» **Problem statement**:
Give back every line of the material below exactly, but no images.

» **Data provided**:
○ ○ ○
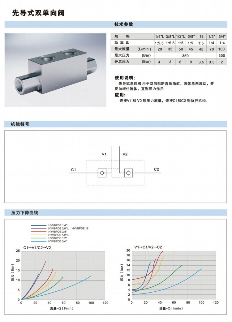 詳細信息 HYVBPDE 1/4" L,HYVBPDE 3/8" L,HYVBPDE 1/2" L,HYVBPDE 3/8",HYVBPDE 18,HYVBPDE 1/2",HYVBPDE 3/4",先導(dǎo)式雙單向閥
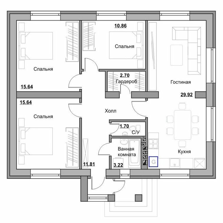 Планировочными решениями в доме предусмотрены три спальни (жилые комнаты), объединённая кухня с гостиной и раздельный санузел. Отопительное оборудование располагается на кухне (в кухонной зоне). Большие панорамные окна от пола придают изысканности внешнему виду дома и делают помещения светлее.
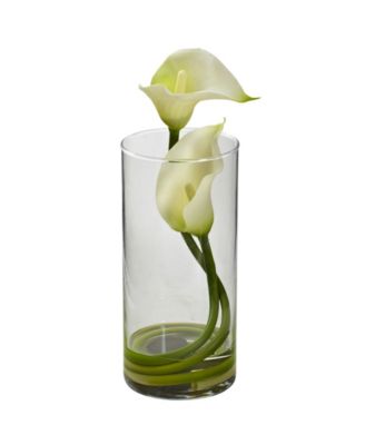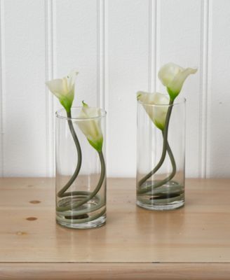 18" Mini Calla Lily Artificial Arrangement in Cylinder Glass Vase
○ ○ ○
» **Response**:
 詳細信息 HYVBPDE 1/4" L,HYVBPDE 3/8" L,HYVBPDE 1/2" L,HYVBPDE 3/8",HYVBPDE 18,HYVBPDE 1/2",HYVBPDE 3/4",先導(dǎo)式雙單向閥
 Планировочными решениями в доме предусмотрены три спальни (жилые комнаты), объединённая кухня с гостиной и раздельный санузел. Отопительное оборудование располагается на кухне (в кухонной зоне). Большие панорамные окна от пола придают изысканности внешнему виду дома и делают помещения светлее.
 18" Mini Calla Lily Artificial Arrangement in Cylinder Glass Vase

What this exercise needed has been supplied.